Use deterministic job_ids to avoid retrying successful queries #977

McKnight-42 · 2023-10-23T20:10:37Z

resolves #949
docs dbt-labs/docs.getdbt.com/#

Problem

Currently if we experience a transient exception like RemoteDisconnected we can sometimes end up re-running a query that has been successfully kicked off.

Solution

on retry try to poll by a deterministic job_id to see if a successful job has already been kicked off

Checklist

I have read the contributing guide and understand what's expected of me
I have run this code in development and it appears to resolve the stated issue
This PR includes tests, or tests are not required/relevant for this PR
This PR has no interface changes (e.g. macros, cli, logs, json artifacts, config files, adapter interface, etc) or this PR has already received feedback and approval from Product or DX

…ed in previous run

…mcknight/adap-924

McKnight-42 · 2023-10-23T20:12:07Z

dbt/adapters/bigquery/connections.py

    def cancel_open(self) -> None:
-        pass
+        names = []
+        this_connection = self.get_if_exists()
+        with self.lock:
+            for thread_id, connection in self.thread_connections.items():
+                if connection is this_connection:
+                    continue
+
+                if connection.handle is not None and connection.state == ConnectionState.OPEN:
+                    client = connection.handle
+                    for job_id in self.jobs_by_thread.get(thread_id, []):
+
+                        def fn():
+                            return client.cancel_job(job_id)
+
+                        self._retry_and_handle(msg=f"Cancel job: {job_id}", conn=connection, fn=fn)
+
+                    self.close(connection)
+
+                if connection.name is not None:
+                    names.append(connection.name)


Do we need to return names here? if we do we need to re-add it and change the type for function. to match what's in dbt-core on the SQLConnectionManager

Within dbt-bigquery the only place we call this is in unit tests

McKnight-42 · 2023-10-23T20:26:29Z

Having to modify two unit tests to take into account object() not having newly assigned attributes from cancel_open

    adapter.connections.thread_connections[0] = object()

test_cancel_open_connections_master in test_bigquery_adapter.py would it be best to create a new mock?

tests/unit/test_bigquery_adapter.py

dbt/adapters/bigquery/connections.py

McKnight-42 · 2023-10-25T16:51:48Z

all integration/functional tests failing now for

dbt.exceptions.DbtRuntimeError: Runtime Error
E             'Client' object has no attribute 'connection'

in raw_execute

McKnight-42 · 2023-10-25T19:35:26Z

all integration/functional tests failing now for
dbt.exceptions.DbtRuntimeError: Runtime Error
E             'Client' object has no attribute 'connection'
in raw_execute

solved this part of it by not going through defined client and just using conn.name

McKnight-42 · 2023-10-25T19:36:41Z

@colin-rogers-dbt it's possible we may still have to use uuid like the original pr as I don't think invocation_id is active on a fresh run during the raw_execute so we may need to define a unique identifier instead. thoughts?

this seems to pass locally but not a fan of interaction when you add a breakpoint around ln524 on connections.py seems like it loops to many times in pdb

…der to create unique job_id

…mcknight/adap-924

mikealfare · 2023-10-27T20:48:00Z

dbt/adapters/bigquery/connections.py

+
+                    self.close(connection)
+
+                if connection.name is not None:


Do we specifically want all connections which are not this_connection?

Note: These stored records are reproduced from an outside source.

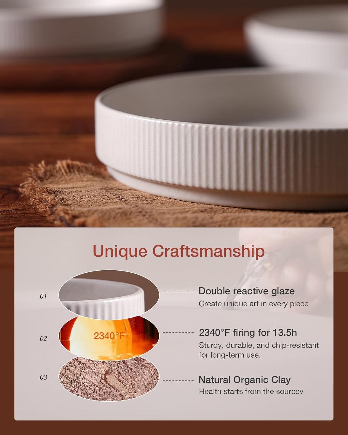 - WITHSTAND THE TEST OF TIME: Made from organic and natural clay, these cereal bowls are fired at 2340 °F for 13.5 hours, resulting in a sturdy, long-lasting, and chip-resistant product designed for long-term use
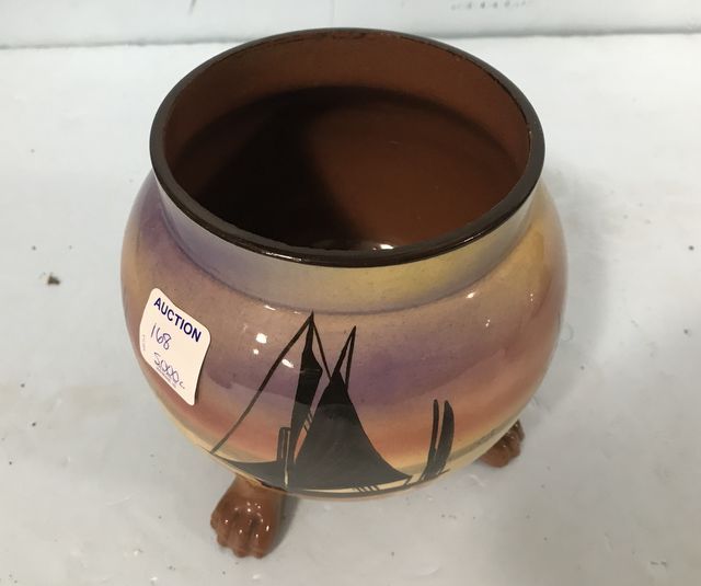 Torquay Rosy Sunset Sailing Boat Pottery Bowl, Watcombe, footed, 5 1/2"h. Torquay Rosy Sunset Sailing Boat Pottery Bowl, Watcombe, footed, 5 1/2"h.
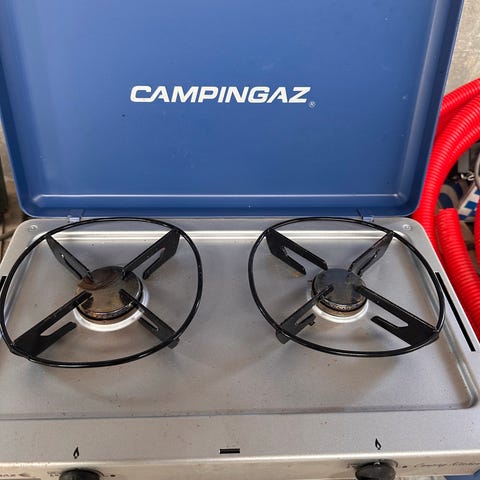 Ukendt mærke gasblus med gasflaske i gulmalet metal. Enheden består af en mindre genopfyldelig gasflaske med bærehåndtag og påmonteret enkeltbrænder øverst. Brænderen har metalrist med flere gryderist-arme til placering af kogegrej. Egnet til madlavning og opvarmning udendørs, f.eks. camping, have eller værksted, hvor gasudstyr må anvendes.

Or do we only want connections in which we cancelled jobs? In this current flow, a connection for which connection.state == ConnectionState.CLOSED will show up in names, which doesn't feel like an intuitive list to get from `cancel_open'.

If i backtrack open_cancel to core it looks like one of the only places we call it is for cancel_open_connections which does make me think the desired result is that all closed connections are accounted for?

In other words we should only be returning the connections which we cancelled during this call, right?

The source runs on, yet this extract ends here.